Oh, India is a laugh a minute. I walked into a chandlery and was greeted with a low bow from a clerk with a wide smile who asked, “And where is our esteemed visitor from?”

“America,” I said.

“American No. 1!” the clerk cheered with a grin.

I purchased seven items. While checking out, I noticed eight items on the slip.

“Good eyes, sir, good eyes,” he said as he dramatically crossed out the overcharge.

“And that’s a pint of varnish, not a quart.”

“We use liters. Confusion understandable.”

“And that’s a single generic block, not Harken double.”

“Only one digit off,” he said, smugly.

“You’re trying to cheat me,” I said, my eyes narrowing.

“Cheat!” he screamed. “How dare you! I no cheat esteemed visitors. On the graves of my honorable ancestors, no!”

“Liar, liar, pants on fire,” I said, getting right into it.

“You insult the honor of India, sir!” 

He tossed the bag and my change at me. I was smug now that the sales slip and the items in my bag matched, so I went away happy—until, a block away, I stopped to count my change. Dammit.

That evening at the Cochin University of Science and Technology, I told my tale of woe at a cocktail party. Expecting commiseration, I was shocked to discover all the listeners grinning.

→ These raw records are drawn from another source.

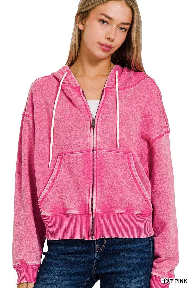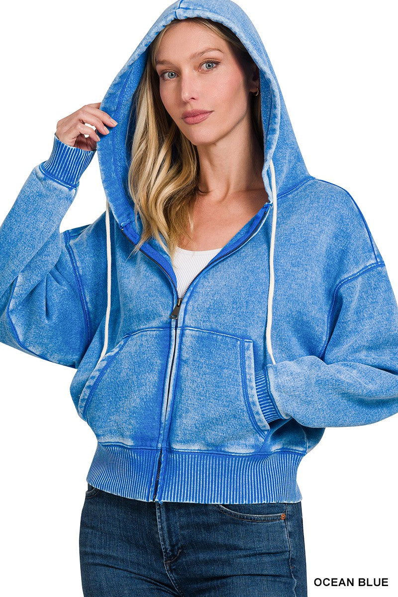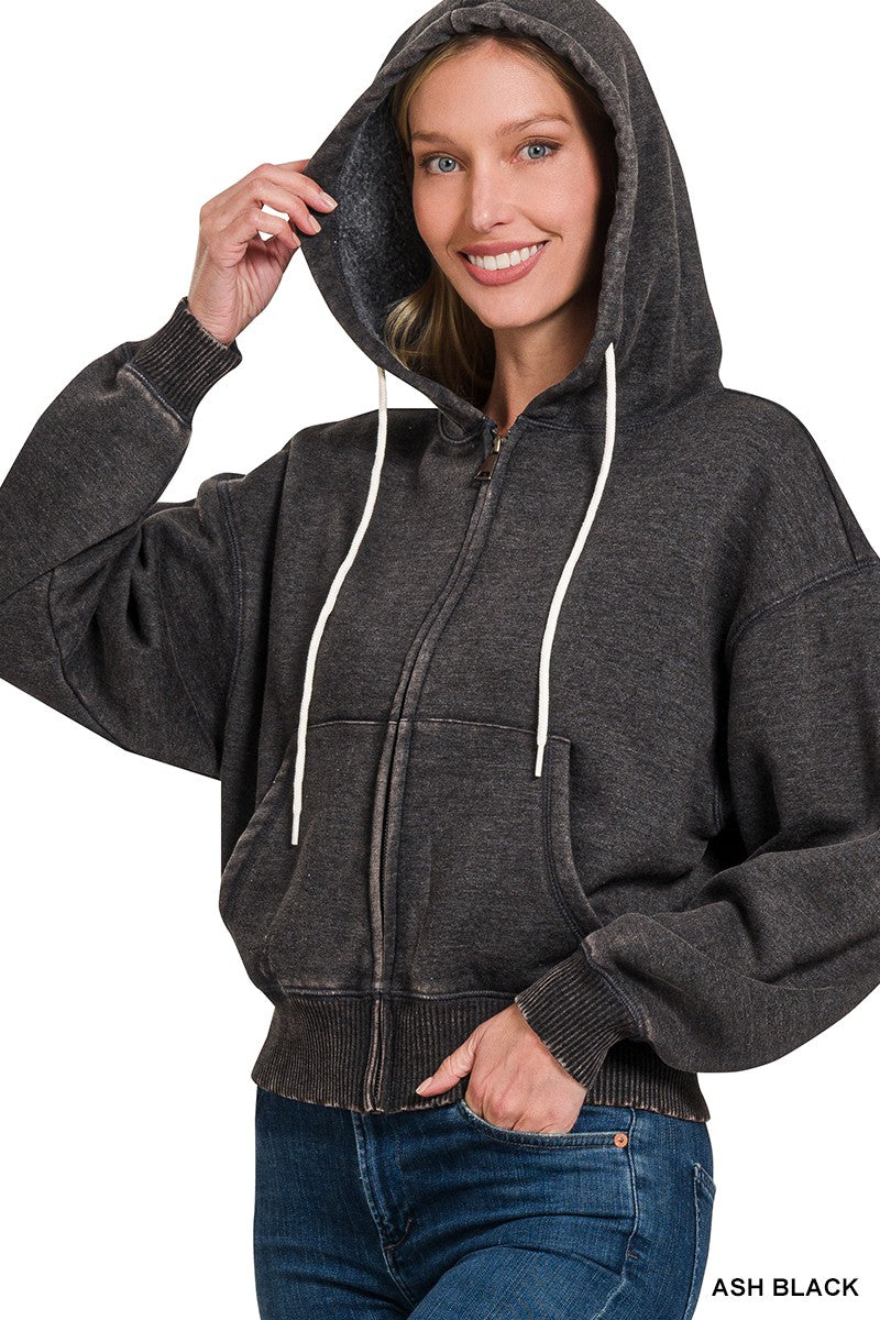 Acid Wash Fleece Hoodie - Final Sale
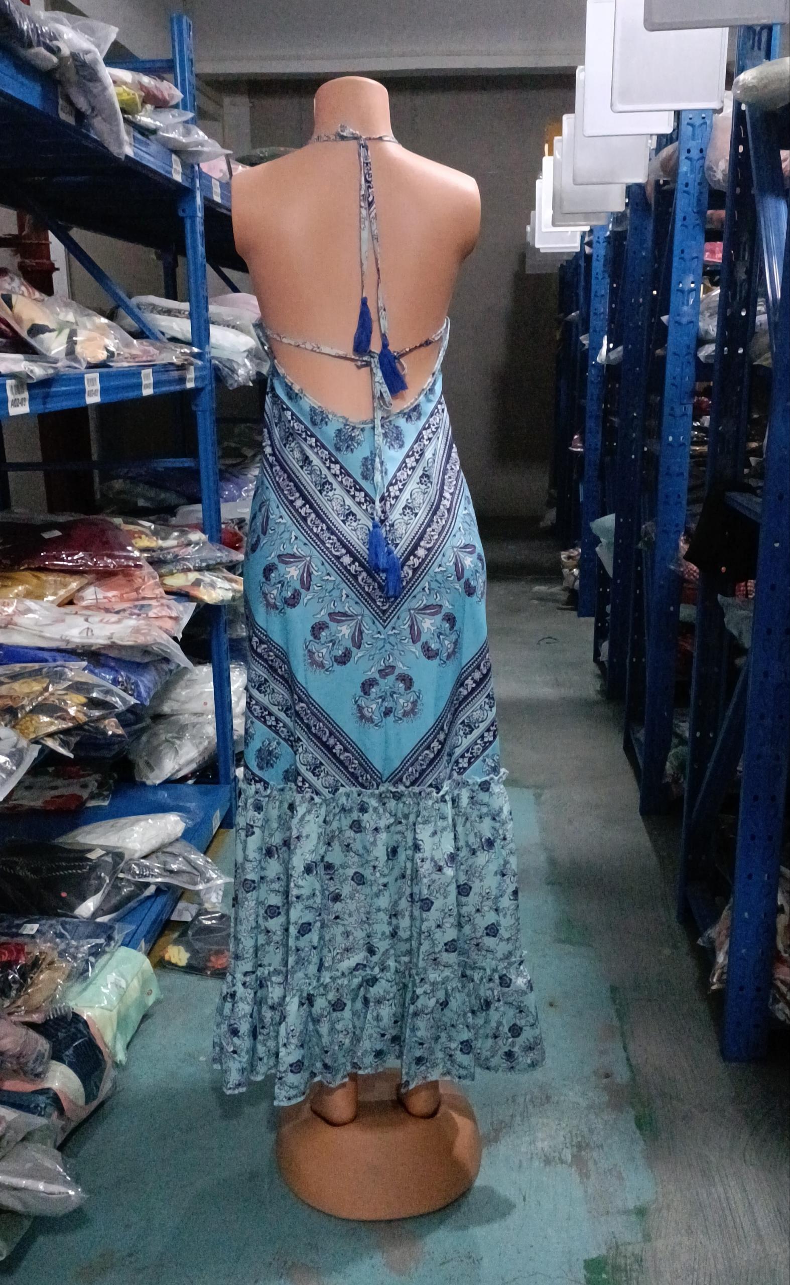 Tribal Print Halter Maxi Dress Women Summer Sexy Backless Vintage Party Club Boho Long Dress
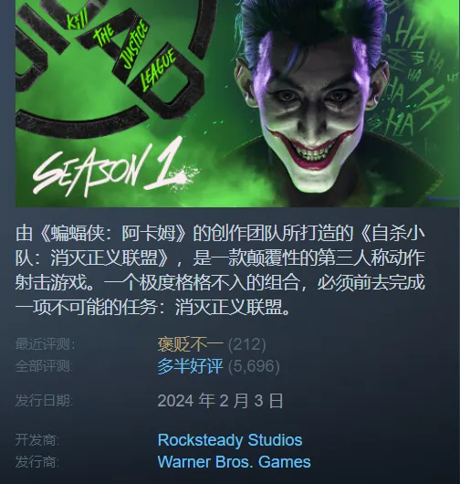 除了電影,今年華納還推出了一款名叫《自殺小隊 消滅正義聯盟》的賽季制遊戲,這款遊戲在steam處於褒貶不一的狀態,據報道,華納高層對這個遊戲的收益表現很是失望。
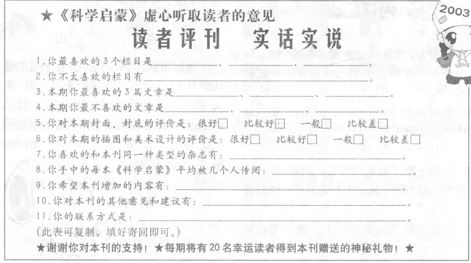 看过了 2003年1月经过全新改版的《科学启蒙》,感觉怎样呢?邓义元同学说得对,读者们的意见和建议对我们而言是非常重要的,只有真诚听取和采纳读者的意见,尽力满足读者的愿望和要求,《科学启蒙》才能真正做到越来越好!邓义元同学获得本期“幸运读者奖”是当之无愧,希望其他读者都能像他一样,拿起你手中的笔,认真填写每一份读者评刊表,并尽快寄给我们。我们每期将抽出20名幸运读者,将名单公布在杂志上,同时赠送神秘礼物一份。

“Ah,” a professor said pridefully, “an Indian never gives up.”

Of course, none of this compares with Madagascar, where they populated an entire abandoned World War II hospital with invalids to scam me out of $25. After I forked over the cash, they all picked up their crutches and dashed into the bush at Usain Bolt speeds, high-fiving each other as they jumped for joy.

But back to shipyards in the tropics. Monkeys are a real problem. Not only do they wait to get into your boat and make a mess while you’re at lunch, but they also steal your washing soap and eat it, or drink it if it’s dish soap, and then blow rainbow-hued bubbles from the wrong end all day long as you work.

Another common trick is the “­jack-stand shuffle.” One yard changed our poppets every time the workers ­trotted by. It took some real wrestling to bring that yard bill back down to earth.

And then there’s the “110 shocker,” where they not only charge Americans twice what they should for half the voltage, but they also tack on an additional $30 a day for the converter.

Monkeys are a real problem. Not only do they wait to get into your boat and make a mess while you’re at lunch, but they also steal your soap and eat it.

One yard in Polynesia charges a fortune for the small sheets of plastic to protect your topsides from the rough, dirty slings. “Otherwise,” noted the chic, beret-topped travel-lift driver, “your barely dried boot top might end up smeared midtopsides.”

On the plus side, they toss in a croissant each time you pass their “No cash, no splash” signage.

Don’t get me started on scaffolding. Half the fistfights in my life have been over scaffolding planks and rusty, ­teetering 55-gallon drums to balance them on.

And we haven’t even considered the bait-and-switch horrors of having the crew in Sri Lanka charge for Awlgrip but then spray your entire vessel with exterior latex.

But of all the places in the world, our worst haulout was on the Delmarva Peninsula in Maryland, where four extremely interested yard workers watched Carolyn and me take down our mizzen. Their main travel lift was on the blink. The quartet gleefully watched us for four hours, and then shamelessly billed us for an additional 16 hours of yard labor while saying, in appreciation, “Gee, we’ve never seen a couple lower their mizzen via the main halyard before.”

Some days, foreign or domestic, you just can’t win.